When the architecture context exceeds the `max_context_tokens` budget,
MorphArch automatically compresses it using a 4-tier priority system:

| Tier | What gets trimmed | Preserved |
|------|-------------------|-----------|
| 1 | Bus factor → 5, churn → 8, file metrics → 10 | Core metrics, blast radius, cycles |
| 2 | Diagnostics → 10, boundary violations → 5, diff edges → 8 | Drift score, clusters, trends |
| 3 | Cycle groups → 5, clear bus factor, blast chains → 3 | Module distribution, scoring context |
| 4 | Clear file metrics, churn; trim trends to last 20 | Focused module detail (never cleared) |

The focused module detail is never removed because it represents the user's
current area of interest and provides the most actionable analysis context.

---

## Truncation Detection

If the AI response is cut off due to the `max_tokens` limit, a warning
message is appended:

> ⚠ *Response was truncated due to token limit (max_tokens). Ask a shorter or more specific question.*

If the stream connection drops unexpectedly, a different warning appears:

> ⚠ *Response stream ended unexpectedly. The connection may have dropped.*

To get longer responses, increase `max_tokens` in your `[ai]` config or ask
more focused questions.

---

## Example Questions

Here are effective questions organized by analysis type:

### Health overview
- "What is the overall architectural health? What are the biggest problems?"
- "Is the architecture improving or getting worse? Show evidence."
- "What are the top 3 things to improve health?"

### Module analysis
- "Which modules are the most fragile? Why?"
- "Is there a god module? Which one is the most dangerous?"
- "What is the blast radius of the most impactful module?"

### Dependency analysis
- "Tell me about circular dependencies. How many SCCs are there?"
- "Which boundary rules are being violated?"
- "What is the layer topology? Are there upward violations?"

### Risk assessment
- "Which modules have the highest churn AND instability?"
- "Are there bus factor risks? Which modules depend on a single developer?"
- "If I refactor module X, what is the blast radius?"

### Temporal analysis
- "What changed in the last commit? Did it improve or worsen health?"
- `/diff HEAD~5` — "What changed in the last 5 commits?"
- "Which debt component increased the most recently?"

### Strategic questions
- "Where should we start refactoring?

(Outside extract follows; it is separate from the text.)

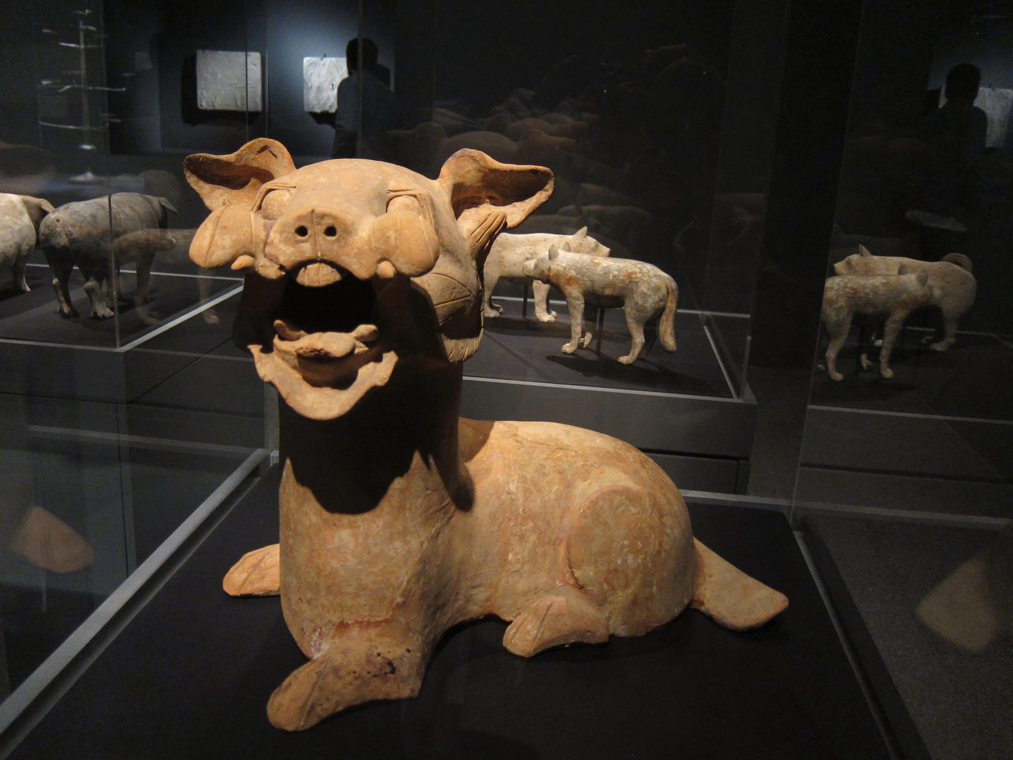Mausoleums were built as extensive replicas of real-world residences, so most of the objects in Age of Empires are more quotidian in nature. Their occupants spared no expense, however, ordering artisans to create lacquered tableware, skillfully woven silk textiles, furnishings that boast intricate metalwork. Smaller versions of buildings stood in funerary complexes, too, as models of grand homes that conveyed an owner’s status and power. One luxury, multistory structure is so realistic, it even has a tiny guard dog sitting by its entrance. Animals themselves were popular subjects for standalone works. Some species were considered auspicious symbols, while others represent the exotic creatures that populated imperial zoos. An entire gallery at the Met is filled with animals, from elephants to cows, sculpted in a variety of materials.

Prioritize for me."
- "What is the most urgent risk in this codebase?"
- "If a new developer joins, which modules should they learn first?"

---

## Tips

- **Start broad, then narrow**: ask about overall health first, then drill into
  specific modules or clusters.
- **Use module inspect**: navigate to a module before asking about it. The
  assistant gets much richer context for the focused module.
- **Use /diff for reviews**: after navigating to a specific commit in the
  timeline, use `/diff 1` to understand what that commit changed.
- **Follow up**: the assistant remembers the last 3 exchanges, so you can ask
  "tell me more about that" or "what about the second one?".
- **Adjust temperature**: set `temperature = 0.0` for the most consistent
  answers, or `0.7` for more creative analysis suggestions.